(Records from a data collection)
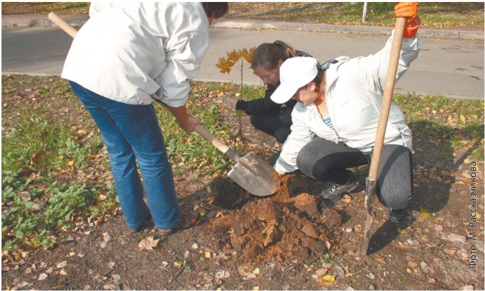
Акции по посадке деревьев находят отклик у королёвцев

Власти Московской области обеспечат участников акции «Наш лес. Посади своё дерево» всем необходимым, ничего принести с собой дополнительно им не понадобится.
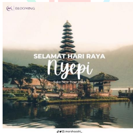
Gambar 4.11 Holiday Post Content

Untuk konten yang bersifat memberikan ucapan hari besar seperti contoh gambar diatas. Konten ini dibuat agar menyimbolkan sifat toleransi yang dimiliki fanbase MarshaOshi. Unggahan ini dibuat dengan simple tapi informatif agar informasi yang disampaikan tidak terlihat rumit agar yang melihat unggahan ini tahu mengenai informasi yang disampaikan terkait pesannya. Untuk detil tentang unggahan dijelaskan lebih banyak melalui caption.
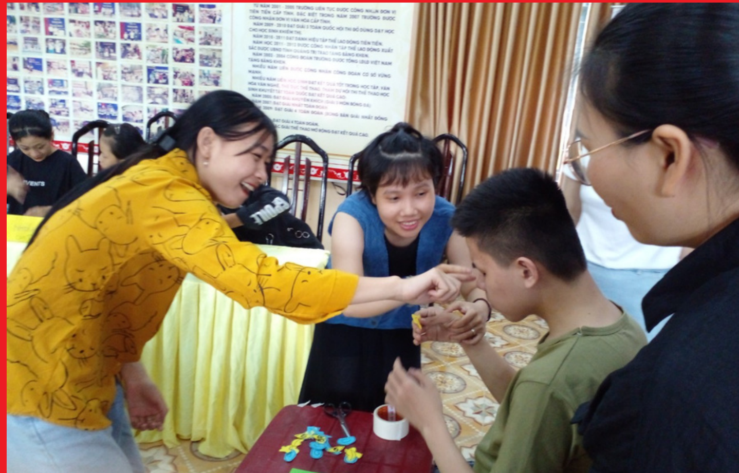
Hỗ trợ tập huấn cho thành viên Quảng Trị & Đăk Lăk - 7/2022
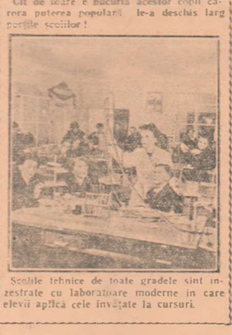
Secțiile tehnice de toate gradele sînt înzestrate cu laboratoare moderne în care elevii aplică cele învățate la cursuri.
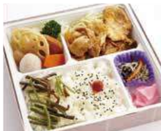
特選豚焼肉御膳 ～寅次郎流～ 商品番号-6085 732 円 (税別)

甘辛特製ダレが食欲を刺激する特製豚焼肉をたっぷり詰め込みました。シャキシャキ食感のキャベツはお肉とも相性抜群。大満足の一品です。
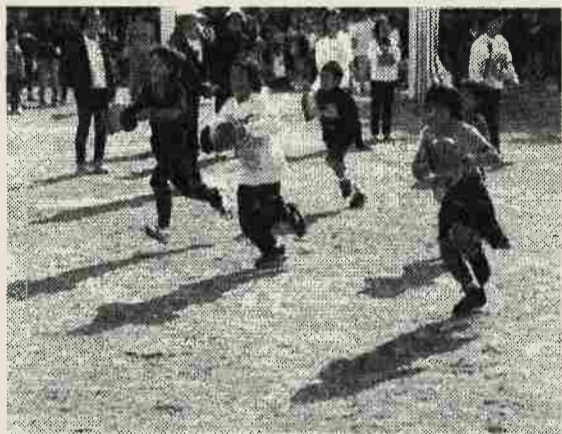
風船運びゲーム ゴールまで、みんなガンバレ！

第十回 鵜の木地区連合運動会が 盛大に開催されます。この機会に、 各町会、各団体の皆様、ご協力 をお願いします。また、ご来場 ください。お待ちしております。 （千鳥北町会長）

Exercise prompt
Your answer must be exactly the lines from the one containing "Untuk konten yang" through the last line of the records above, both included, with every picture left out.

Solution
Untuk konten yang bersifat memberikan ucapan hari besar seperti contoh gambar diatas. Konten ini dibuat agar menyimbolkan sifat toleransi yang dimiliki fanbase MarshaOshi. Unggahan ini dibuat dengan simple tapi informatif agar informasi yang disampaikan tidak terlihat rumit agar yang melihat unggahan ini tahu mengenai informasi yang disampaikan terkait pesannya. Untuk detil tentang unggahan dijelaskan lebih banyak melalui caption.
Hỗ trợ tập huấn cho thành viên Quảng Trị & Đăk Lăk - 7/2022
Secțiile tehnice de toate gradele sînt înzestrate cu laboratoare moderne în care elevii aplică cele învățate la cursuri.
特選豚焼肉御膳 ～寅次郎流～ 商品番号-6085 732 円 (税別)

甘辛特製ダレが食欲を刺激する特製豚焼肉をたっぷり詰め込みました。シャキシャキ食感のキャベツはお肉とも相性抜群。大満足の一品です。
風船運びゲーム ゴールまで、みんなガンバレ！

第十回 鵜の木地区連合運動会が 盛大に開催されます。この機会に、 各町会、各団体の皆様、ご協力 をお願いします。また、ご来場 ください。お待ちしております。 （千鳥北町会長）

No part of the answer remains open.